[Opening Data for this task section]

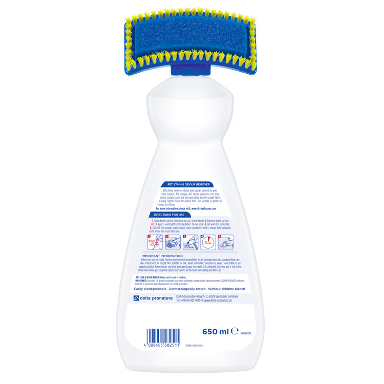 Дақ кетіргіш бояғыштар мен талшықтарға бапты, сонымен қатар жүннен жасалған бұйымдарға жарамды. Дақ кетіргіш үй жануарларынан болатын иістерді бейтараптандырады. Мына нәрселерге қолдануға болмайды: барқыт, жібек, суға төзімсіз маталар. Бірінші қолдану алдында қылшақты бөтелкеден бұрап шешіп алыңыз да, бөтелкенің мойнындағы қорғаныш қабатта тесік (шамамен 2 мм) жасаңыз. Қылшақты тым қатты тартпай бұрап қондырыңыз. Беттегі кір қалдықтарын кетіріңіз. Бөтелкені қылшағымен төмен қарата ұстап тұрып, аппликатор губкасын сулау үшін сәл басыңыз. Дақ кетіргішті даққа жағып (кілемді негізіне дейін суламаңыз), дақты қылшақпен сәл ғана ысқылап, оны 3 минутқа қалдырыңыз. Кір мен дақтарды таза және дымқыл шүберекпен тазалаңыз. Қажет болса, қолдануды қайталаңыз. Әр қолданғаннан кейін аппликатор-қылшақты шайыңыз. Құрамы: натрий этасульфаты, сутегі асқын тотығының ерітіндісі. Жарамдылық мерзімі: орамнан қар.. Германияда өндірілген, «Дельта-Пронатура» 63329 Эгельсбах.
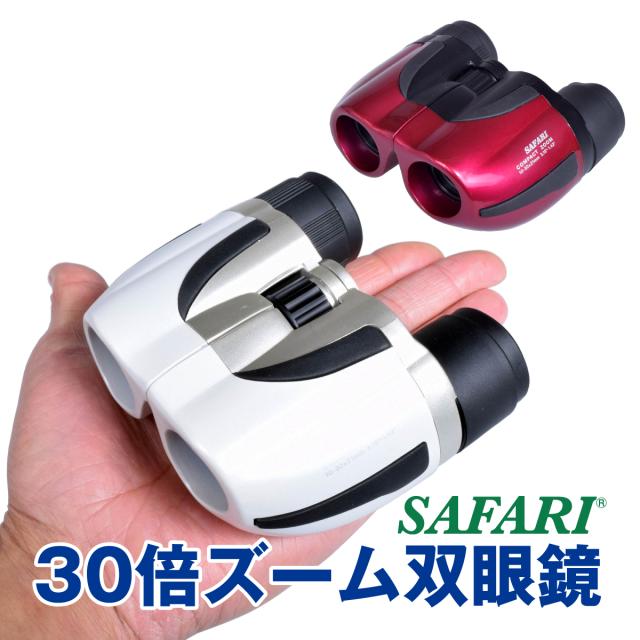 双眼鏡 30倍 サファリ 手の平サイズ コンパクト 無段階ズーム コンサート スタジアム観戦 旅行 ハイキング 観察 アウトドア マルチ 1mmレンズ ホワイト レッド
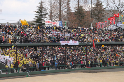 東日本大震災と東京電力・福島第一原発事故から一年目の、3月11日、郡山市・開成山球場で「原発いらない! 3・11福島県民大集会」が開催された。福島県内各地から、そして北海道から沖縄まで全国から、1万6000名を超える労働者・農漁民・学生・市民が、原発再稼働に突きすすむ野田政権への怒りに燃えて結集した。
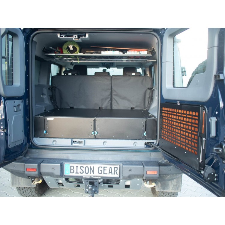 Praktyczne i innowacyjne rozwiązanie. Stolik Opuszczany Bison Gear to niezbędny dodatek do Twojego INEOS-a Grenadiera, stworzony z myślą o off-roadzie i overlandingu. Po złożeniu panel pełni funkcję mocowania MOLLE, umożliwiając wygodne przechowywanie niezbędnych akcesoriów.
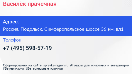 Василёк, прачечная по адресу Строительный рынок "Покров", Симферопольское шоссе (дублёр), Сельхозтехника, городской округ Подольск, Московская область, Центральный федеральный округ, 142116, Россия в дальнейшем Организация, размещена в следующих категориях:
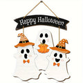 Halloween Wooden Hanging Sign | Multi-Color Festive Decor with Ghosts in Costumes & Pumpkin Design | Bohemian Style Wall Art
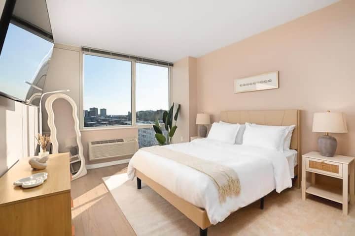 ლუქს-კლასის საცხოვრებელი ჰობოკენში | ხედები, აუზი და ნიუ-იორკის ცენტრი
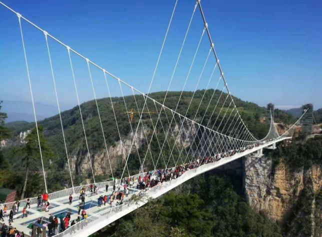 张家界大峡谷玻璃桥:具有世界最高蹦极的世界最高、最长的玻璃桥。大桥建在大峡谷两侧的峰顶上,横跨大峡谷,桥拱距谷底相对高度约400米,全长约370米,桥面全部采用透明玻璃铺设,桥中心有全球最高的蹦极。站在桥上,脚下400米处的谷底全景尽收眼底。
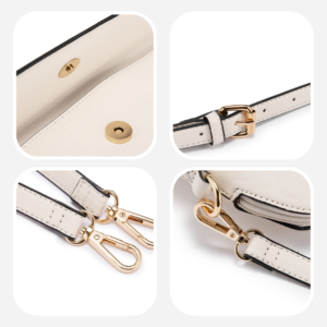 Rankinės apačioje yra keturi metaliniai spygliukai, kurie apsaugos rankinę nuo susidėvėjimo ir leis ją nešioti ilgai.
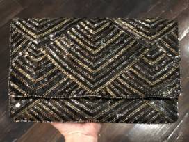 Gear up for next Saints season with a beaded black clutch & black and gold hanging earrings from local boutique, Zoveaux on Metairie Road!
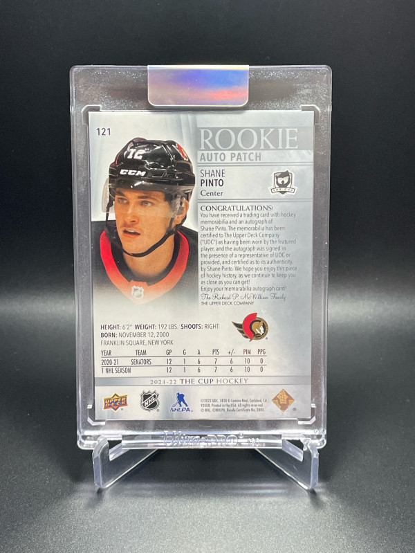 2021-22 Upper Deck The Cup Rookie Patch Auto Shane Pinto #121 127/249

[Closing Data for this task section]
[Opening Data for this task section]

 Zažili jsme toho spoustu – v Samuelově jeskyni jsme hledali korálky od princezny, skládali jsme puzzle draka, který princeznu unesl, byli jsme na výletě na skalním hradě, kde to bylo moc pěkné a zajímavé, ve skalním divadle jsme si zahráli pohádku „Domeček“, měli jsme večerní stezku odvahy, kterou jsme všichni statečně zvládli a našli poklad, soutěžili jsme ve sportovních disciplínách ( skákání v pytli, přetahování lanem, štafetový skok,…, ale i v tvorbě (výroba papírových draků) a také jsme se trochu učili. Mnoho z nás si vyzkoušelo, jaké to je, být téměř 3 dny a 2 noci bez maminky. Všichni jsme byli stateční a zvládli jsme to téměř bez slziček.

[Closing Data for this task section]

● Required action
Find the line with "Василёк, прачечная по" and the line with "2021-22 Upper Deck" in the records above. Copy both and all lines between them exactly, without pictures.

● Answer box
 Василёк, прачечная по адресу Строительный рынок "Покров", Симферопольское шоссе (дублёр), Сельхозтехника, городской округ Подольск, Московская область, Центральный федеральный округ, 142116, Россия в дальнейшем Организация, размещена в следующих категориях:
 Halloween Wooden Hanging Sign | Multi-Color Festive Decor with Ghosts in Costumes & Pumpkin Design | Bohemian Style Wall Art
 ლუქს-კლასის საცხოვრებელი ჰობოკენში | ხედები, აუზი და ნიუ-იორკის ცენტრი
 张家界大峡谷玻璃桥:具有世界最高蹦极的世界最高、最长的玻璃桥。大桥建在大峡谷两侧的峰顶上,横跨大峡谷,桥拱距谷底相对高度约400米,全长约370米,桥面全部采用透明玻璃铺设,桥中心有全球最高的蹦极。站在桥上,脚下400米处的谷底全景尽收眼底。
 Rankinės apačioje yra keturi metaliniai spygliukai, kurie apsaugos rankinę nuo susidėvėjimo ir leis ją nešioti ilgai.
 Gear up for next Saints season with a beaded black clutch & black and gold hanging earrings from local boutique, Zoveaux on Metairie Road!
 2021-22 Upper Deck The Cup Rookie Patch Auto Shane Pinto #121 127/249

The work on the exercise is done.